#### Recorded data ####
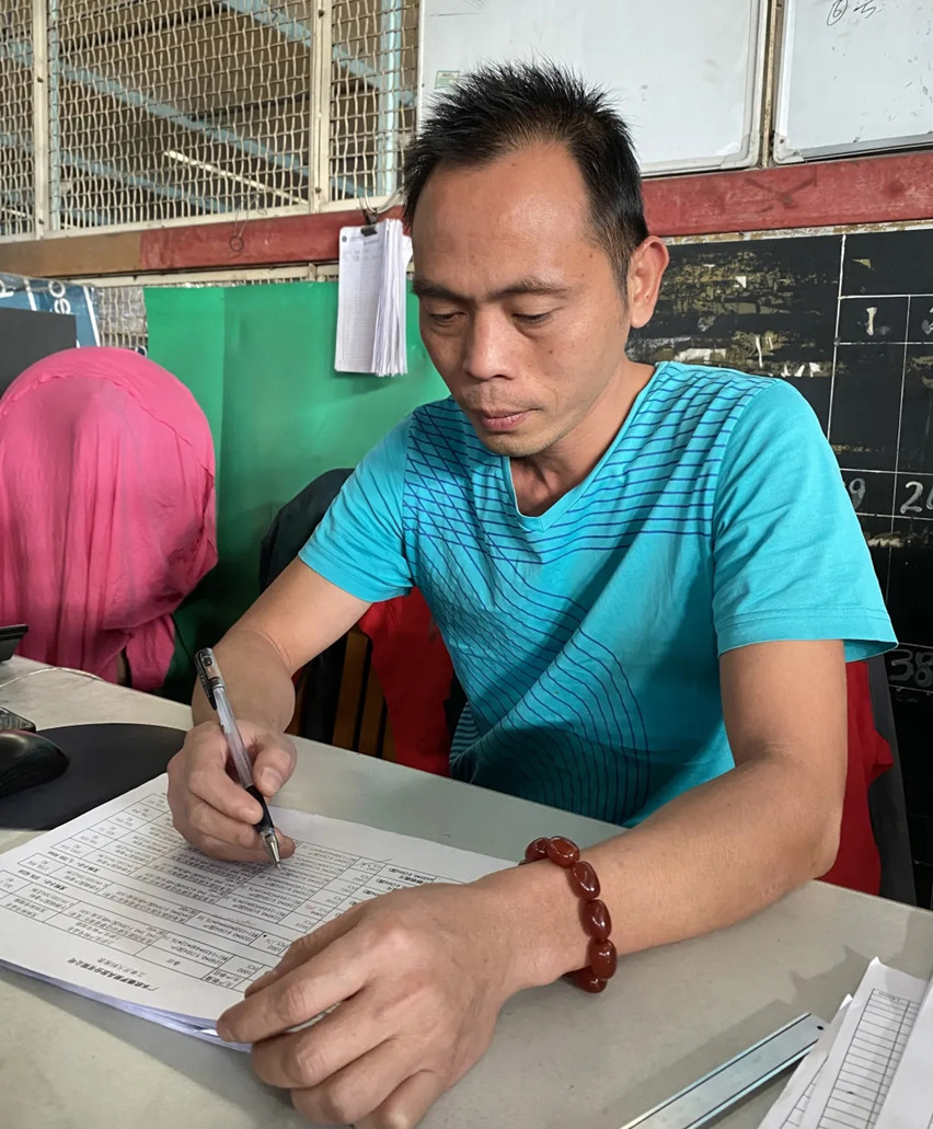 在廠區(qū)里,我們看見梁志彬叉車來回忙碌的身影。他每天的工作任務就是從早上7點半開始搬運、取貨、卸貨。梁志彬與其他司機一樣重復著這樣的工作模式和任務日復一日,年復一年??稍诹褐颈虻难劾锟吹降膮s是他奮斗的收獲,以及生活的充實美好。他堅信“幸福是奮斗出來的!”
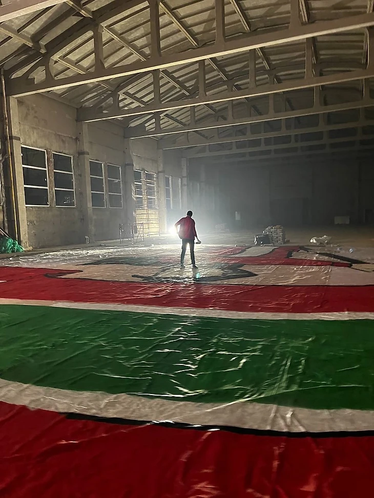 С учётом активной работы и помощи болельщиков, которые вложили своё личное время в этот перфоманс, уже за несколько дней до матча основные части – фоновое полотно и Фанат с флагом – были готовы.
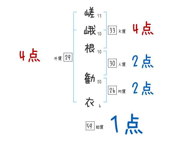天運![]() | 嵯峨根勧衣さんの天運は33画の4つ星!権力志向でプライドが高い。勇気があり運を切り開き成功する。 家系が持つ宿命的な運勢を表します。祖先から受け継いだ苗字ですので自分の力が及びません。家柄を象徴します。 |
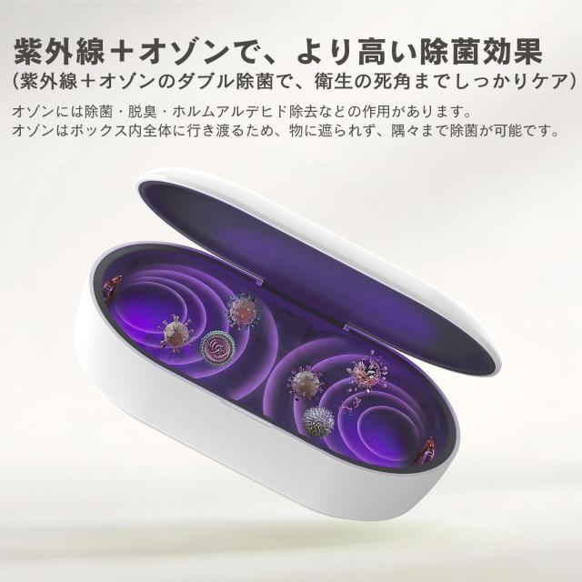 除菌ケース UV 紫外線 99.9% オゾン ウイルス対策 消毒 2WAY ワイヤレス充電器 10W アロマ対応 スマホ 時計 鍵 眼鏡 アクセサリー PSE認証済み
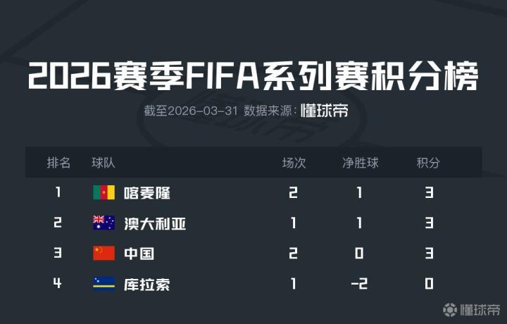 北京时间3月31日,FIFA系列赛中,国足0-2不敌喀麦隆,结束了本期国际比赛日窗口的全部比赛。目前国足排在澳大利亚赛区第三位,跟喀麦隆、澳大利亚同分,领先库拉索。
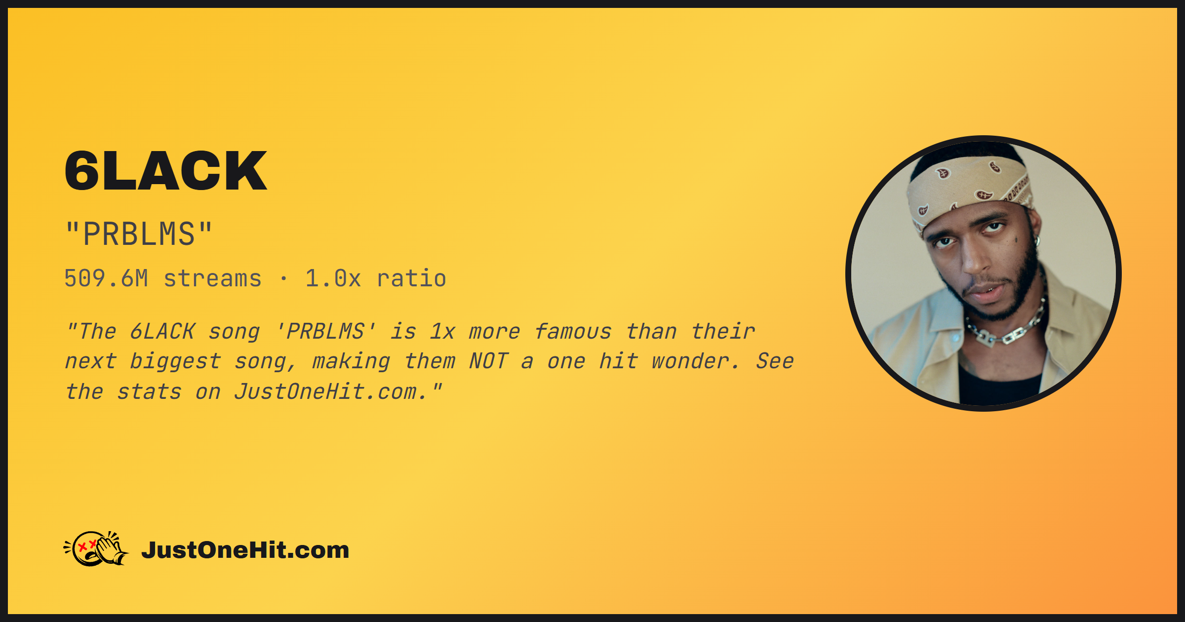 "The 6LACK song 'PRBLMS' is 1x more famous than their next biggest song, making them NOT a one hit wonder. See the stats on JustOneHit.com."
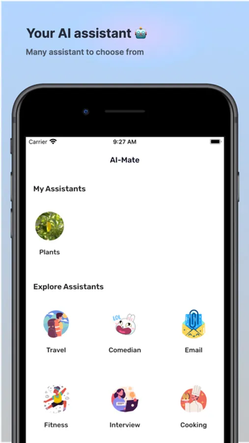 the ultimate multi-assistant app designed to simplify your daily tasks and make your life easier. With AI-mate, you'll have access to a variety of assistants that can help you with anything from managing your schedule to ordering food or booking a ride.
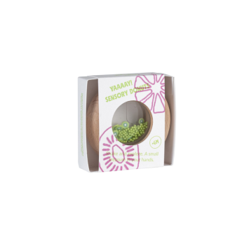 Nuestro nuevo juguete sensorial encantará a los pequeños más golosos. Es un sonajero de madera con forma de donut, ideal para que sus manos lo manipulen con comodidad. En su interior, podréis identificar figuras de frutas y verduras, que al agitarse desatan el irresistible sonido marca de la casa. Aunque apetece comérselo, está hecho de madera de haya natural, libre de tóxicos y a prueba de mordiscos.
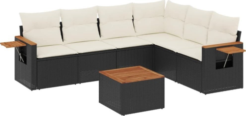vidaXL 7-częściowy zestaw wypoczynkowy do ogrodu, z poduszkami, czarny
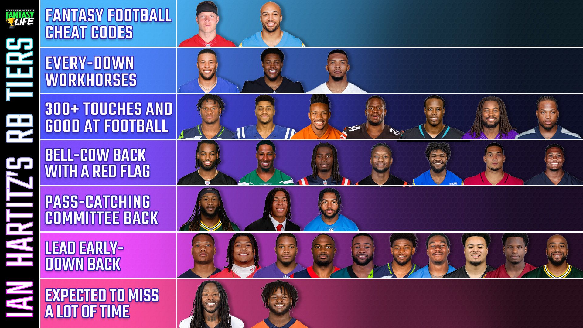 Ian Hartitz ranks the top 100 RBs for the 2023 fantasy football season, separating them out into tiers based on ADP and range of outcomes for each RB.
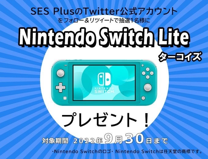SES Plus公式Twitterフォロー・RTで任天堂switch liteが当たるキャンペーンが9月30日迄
####
• _Task brief_
Output the records exactly, please. The pictures are not part of the copy.

• _Problem solution_
 在廠區(qū)里,我們看見梁志彬叉車來回忙碌的身影。他每天的工作任務就是從早上7點半開始搬運、取貨、卸貨。梁志彬與其他司機一樣重復著這樣的工作模式和任務日復一日,年復一年??稍诹褐颈虻难劾锟吹降膮s是他奮斗的收獲,以及生活的充實美好。他堅信“幸福是奮斗出來的!”
 С учётом активной работы и помощи болельщиков, которые вложили своё личное время в этот перфоманс, уже за несколько дней до матча основные части – фоновое полотно и Фанат с флагом – были готовы.
天運![]() | 嵯峨根勧衣さんの天運は33画の4つ星!権力志向でプライドが高い。勇気があり運を切り開き成功する。 家系が持つ宿命的な運勢を表します。祖先から受け継いだ苗字ですので自分の力が及びません。家柄を象徴します。 |
 除菌ケース UV 紫外線 99.9% オゾン ウイルス対策 消毒 2WAY ワイヤレス充電器 10W アロマ対応 スマホ 時計 鍵 眼鏡 アクセサリー PSE認証済み
 北京时间3月31日,FIFA系列赛中,国足0-2不敌喀麦隆,结束了本期国际比赛日窗口的全部比赛。目前国足排在澳大利亚赛区第三位,跟喀麦隆、澳大利亚同分,领先库拉索。
 "The 6LACK song 'PRBLMS' is 1x more famous than their next biggest song, making them NOT a one hit wonder. See the stats on JustOneHit.com."
 the ultimate multi-assistant app designed to simplify your daily tasks and make your life easier. With AI-mate, you'll have access to a variety of assistants that can help you with anything from managing your schedule to ordering food or booking a ride.
 Nuestro nuevo juguete sensorial encantará a los pequeños más golosos. Es un sonajero de madera con forma de donut, ideal para que sus manos lo manipulen con comodidad. En su interior, podréis identificar figuras de frutas y verduras, que al agitarse desatan el irresistible sonido marca de la casa. Aunque apetece comérselo, está hecho de madera de haya natural, libre de tóxicos y a prueba de mordiscos.
vidaXL 7-częściowy zestaw wypoczynkowy do ogrodu, z poduszkami, czarny
 Ian Hartitz ranks the top 100 RBs for the 2023 fantasy football season, separating them out into tiers based on ADP and range of outcomes for each RB.
SES Plus公式Twitterフォロー・RTで任天堂switch liteが当たるキャンペーンが9月30日迄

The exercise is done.